A. High Computational Complexity
“In UDNs, the Resource Allocation(RA) issues are always interpreted as highly complex large-scale optimization problems,”
The Optimization Problems is the work when the Base Stations is initialized. After that, the RA issues should be interpreted as the prediction problems of the best RA decision. The user’s movement can be modeled as Brownian motion. (LQR, Kalman filter. etc.)
“Even though several approaches mentioned in this survey, like MFG, stochastic geometry, stochastic optimization, grouping/clustering based methods, etc. have provided some insights, effective algorithms of low complexity still need further exploration for the efficient resource utilization in UDNs.”
Considering the high attenuation of millimeter-wave communication (LoS and N-LoS transmission models), we can set a threshold to simplify the transfer model using Distance weight or Principal Component Analysis(PCA). Corresponding to the MFG, stochastic geometry, stochastic optimization methods.

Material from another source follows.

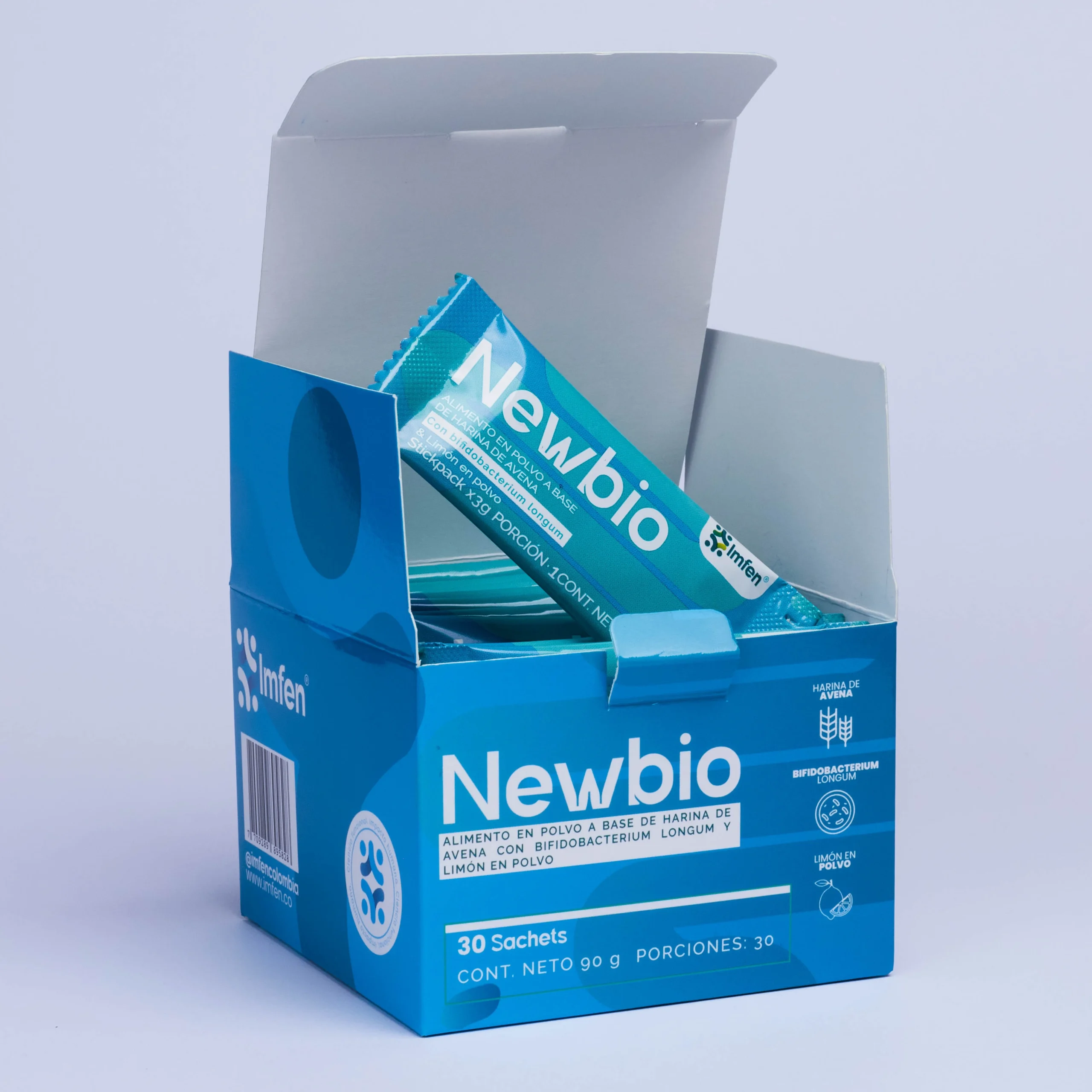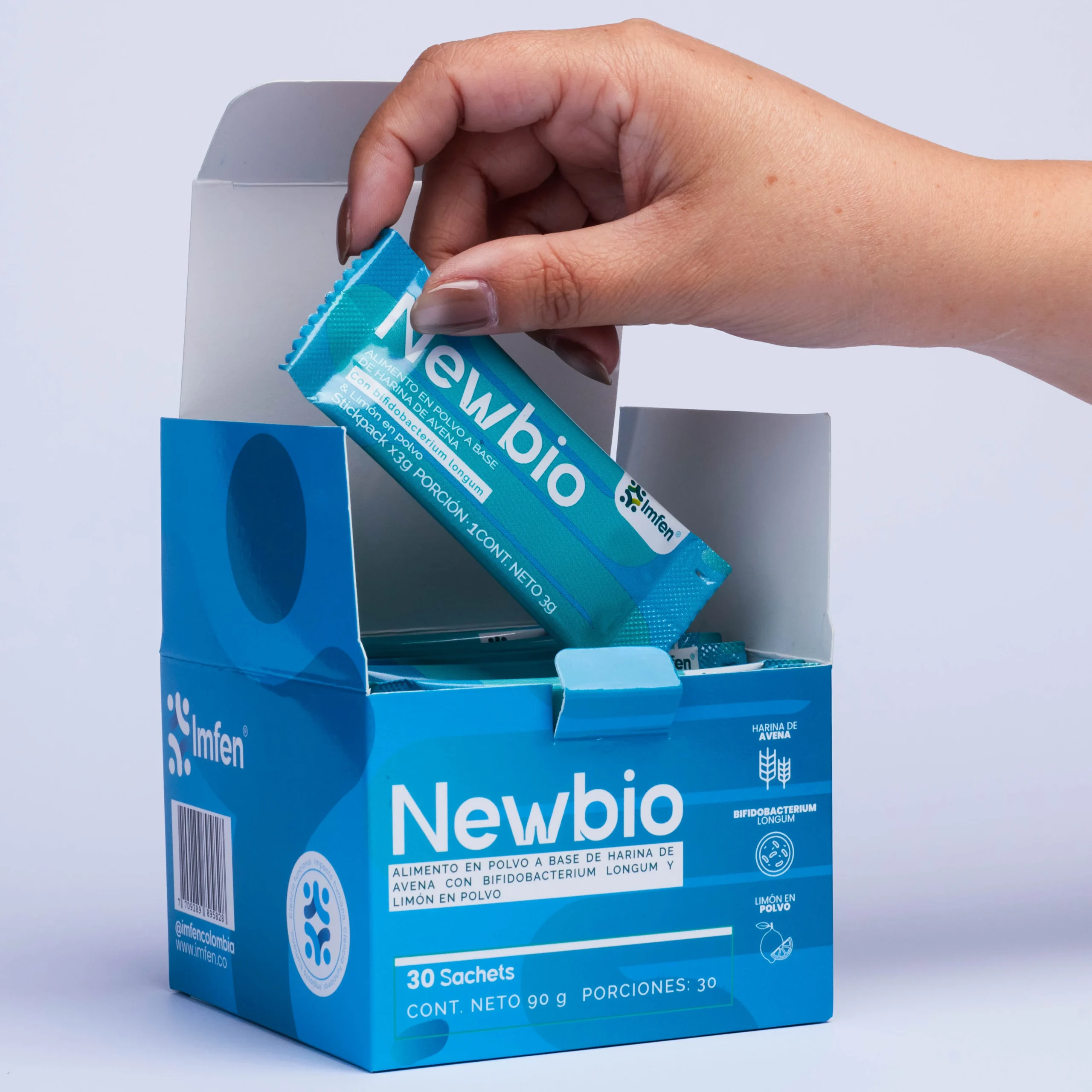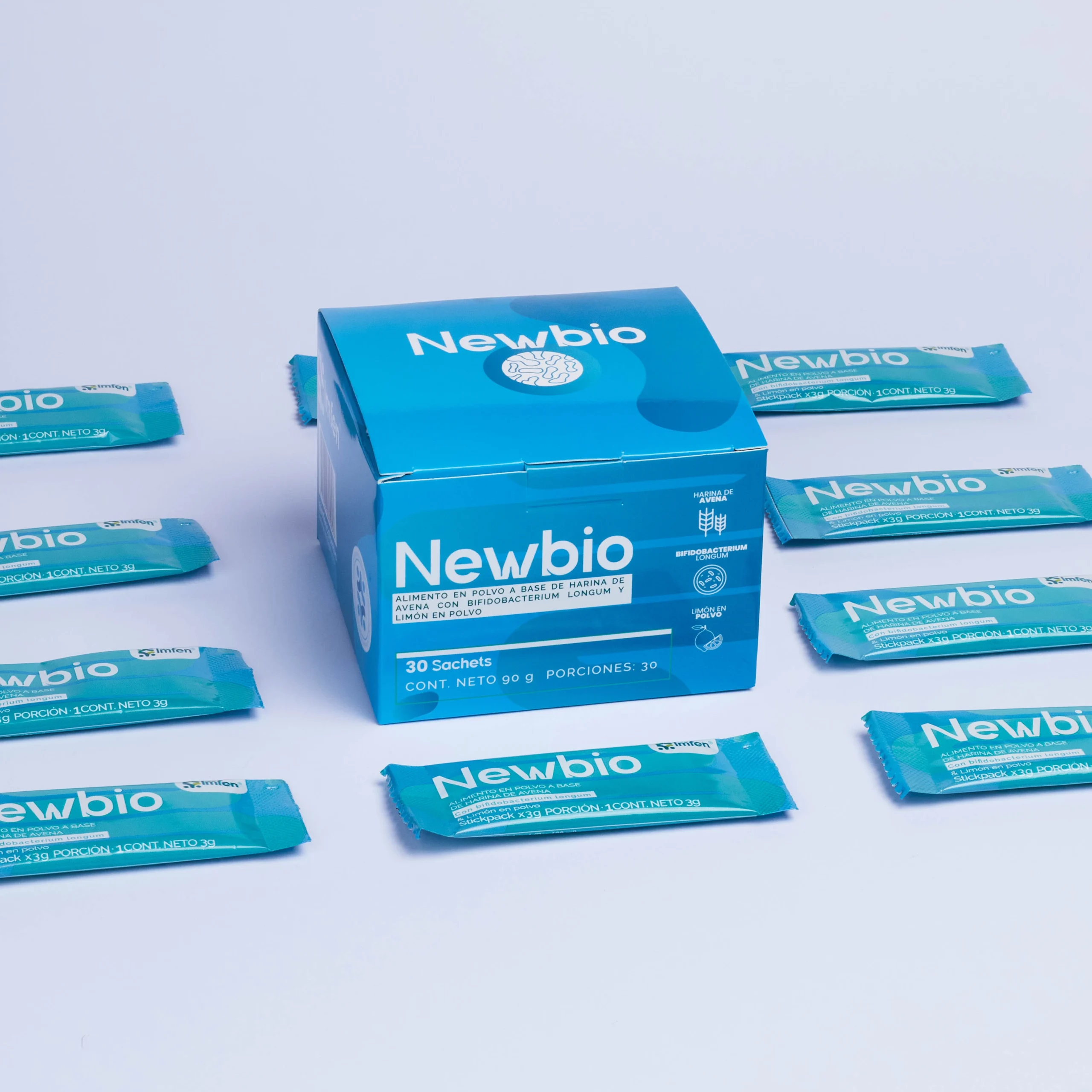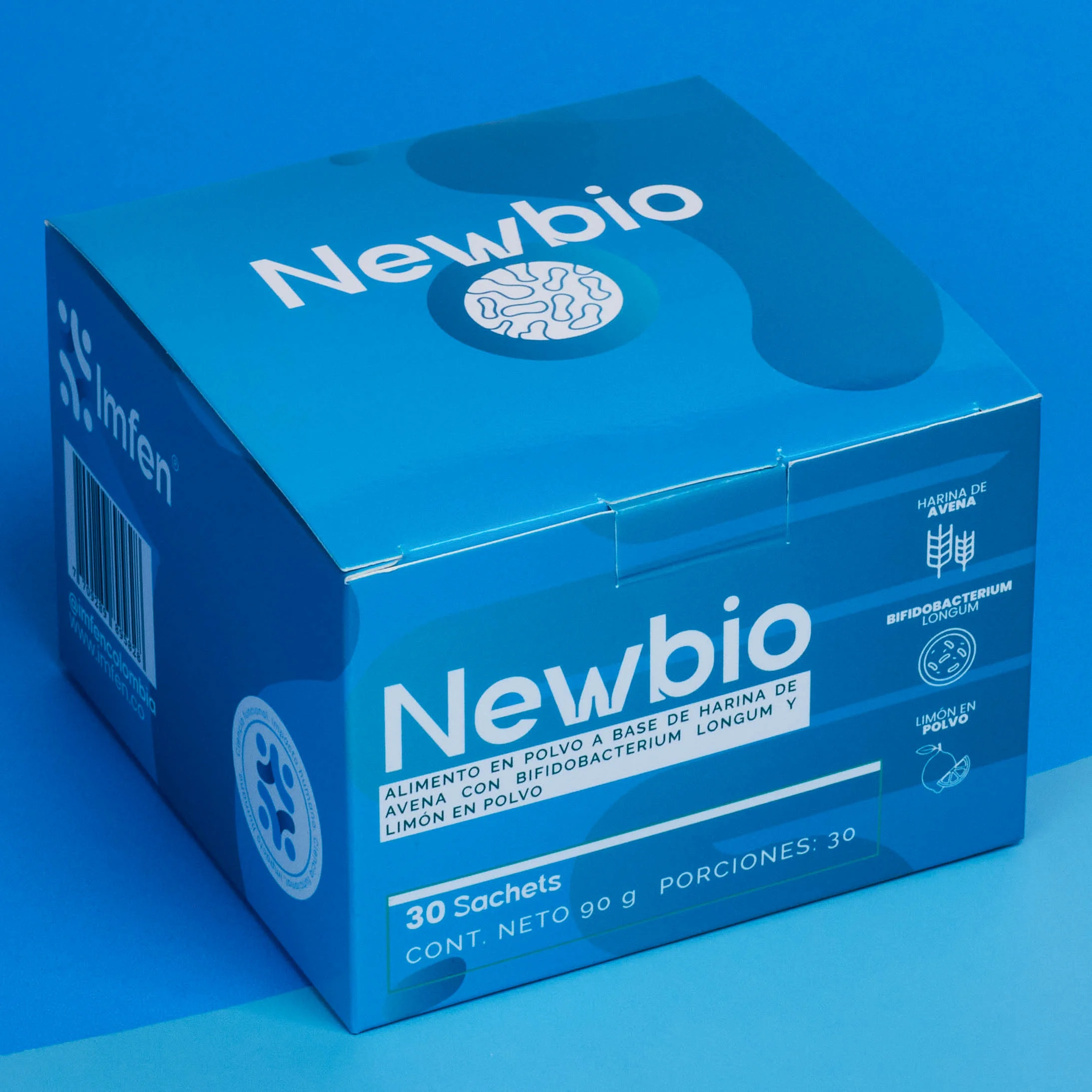 Simbiótico digestivo funcional. Bienestar que comienza desde el intestino. NEWBIO es un nutracéutico desarrollado para acompañar la armonía digestiva y el bienestar intestinal.

The RA process can be decomposed into several sub-problems or conducted distributedly, thus significantly reducing the computational complexity[2]. Corresponding to the grouping/clustering based methods
B. Significant Overhead and Feedback
“The optimal resource distribution relies on the network-wide state information of a quite large number of APs or users, which is not easy to acquire the perfect CSI, QSI, CaSI etc., especially in large-scale networks like UDNs. This would bring about heavy signaling overhead as well as significant feedback.”
Whether this problem can be turned into a Recommendation System. The Matrix Completion algorithm is used to recommend user requirements and reduce signaling overhead.
The Optimal Number of BS per unit area in UND Environment
Optimal number of BS = min(f(wavelength,Sight rate) + QSI + Utility)
Function f is BS service range. Sight Rate is LoS/NLoS. QSI characterization of Quality of services(QoS). utility is energy efficiency.
[1] Teng, Yinglei, et al. “Resource allocation for ultra-dense networks: A survey, some research issues and challenges.” IEEE Communications Surveys & Tutorials (2018).
[2] L. Dai, B. Bai, “Optimal decomposition for large-scale infrastructure-based wireless networks”, IEEE Trans. Wireless Commun., vol. 16, no. 8, pp. 4956-4969, Aug. 2017.